Defending the indefensible is a tough calling.

To most, the actions of ZinedineZidane were an act of gross stupidity, recklessness or selfishness. Mounting an argument against each of those views is difficult.

With your team, your nation, ahead on points in the biggest match of your career, discretion is always the better part of valour.

Instead, the man widely acknowledged as the greatest footballer of his generation succumbed to school-boy posturing and head-butted his admittedly annoying Italian opponent to the chest with the vigour of a Spanish bull.

For his moment of madness, Zidane will forever be, pardon the pun, the butt of jokes and his place in football’s hierarchy will forever be scrutinized with the Materazzi caveat.

Football’s Stairway to Heaven reads like a Highway to Hell. Those players eulogized by lovers of the fine football can often be the games biggest sinners.

Maradona, Cantona, Zidane- the greatest of the great all burdened with a capacity to implode in ways that very few footballers can. This trend extends beyond the round-ball. In our own indigenous game, players like Tony Lockett, Dermott Brereton, Gary Ablett and even the great Leigh Matthews are guilty of on-field acts that perplex us all. Throw John McEnroe into the mix if you like.

Zidane, and indeed many of these people, are not evil.

The almost suffocating protection afforded Zidane indicates a man garnering universal admiration and respect.
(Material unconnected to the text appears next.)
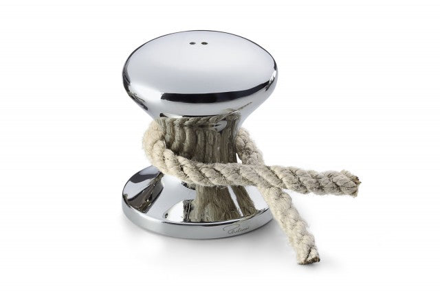 Die HAMBURGER STREUER für Salz und Pfeffer garantieren stilsicher maritime Anlegemanöver bei Tisch. In ihrer Form einem Schiffspoller nachempfunden, liegen sie beim Würzen mit griffiger Taille und verspielt umgelegtem Tau sicher in der Hand. Silber glänzend für Salz und Schwarz schimmernd für Pfeffer, die doppelte Aufmerksamkeit verspricht einen souverän hanseatischen Auftritt.

From the French President Jacques Chirac to national coach Raymond Domenech to the team-mates Zidane let-down, each to a man won’t hear a word against the captain.

Equally, the hallowed halls of Manchester United call Eric Cantona their greatest ever. When it’s most successful ever manager Sir Alex Ferguson speaks of Cantona, he does so with an awed reverence reserved for those long dead. This for a man who once scaled a fence to karate-kick a fan.

Although the extreme acts of the Zidanes and the Cantonas of this world can never be justified, they can be rationalized.

Each player has a strong sense of justice. This sense of justice drives them. The results can often be misguided and violent but it’s the poison that comes with the chalice they carry on behalf of their own pride, their team and even their people.

They won’t let those they consider beneath them get away with actions that belittle them.

Only Zidane and Materazzi truly know what precipitated the Raging Bull. The footage clearly shows Zidane reacting to a Materazzi comment. The exchanges may never be known, but it was enough for Zidane to jeopardize a reputation made over 15 years to strike the blow he thought he needed to get even.

This suggests a level of goading from the Italian that went beyond a sporting contest. It went to the heart of Zidane’s values as a person and he felt compelled to act. To get even. To show Materazzi that he will not be spoken down to.

By reacting the way he did, the irony is that Zidane did himself, his team and his nation a gross disservice.

His reaction though does not make him a bad person. It shows him as a person burdened with the weight of a nation but unable to defend himself from the taunts of another by turning the other cheek.

He wanted justice and he pursued it- to his ultimate detriment.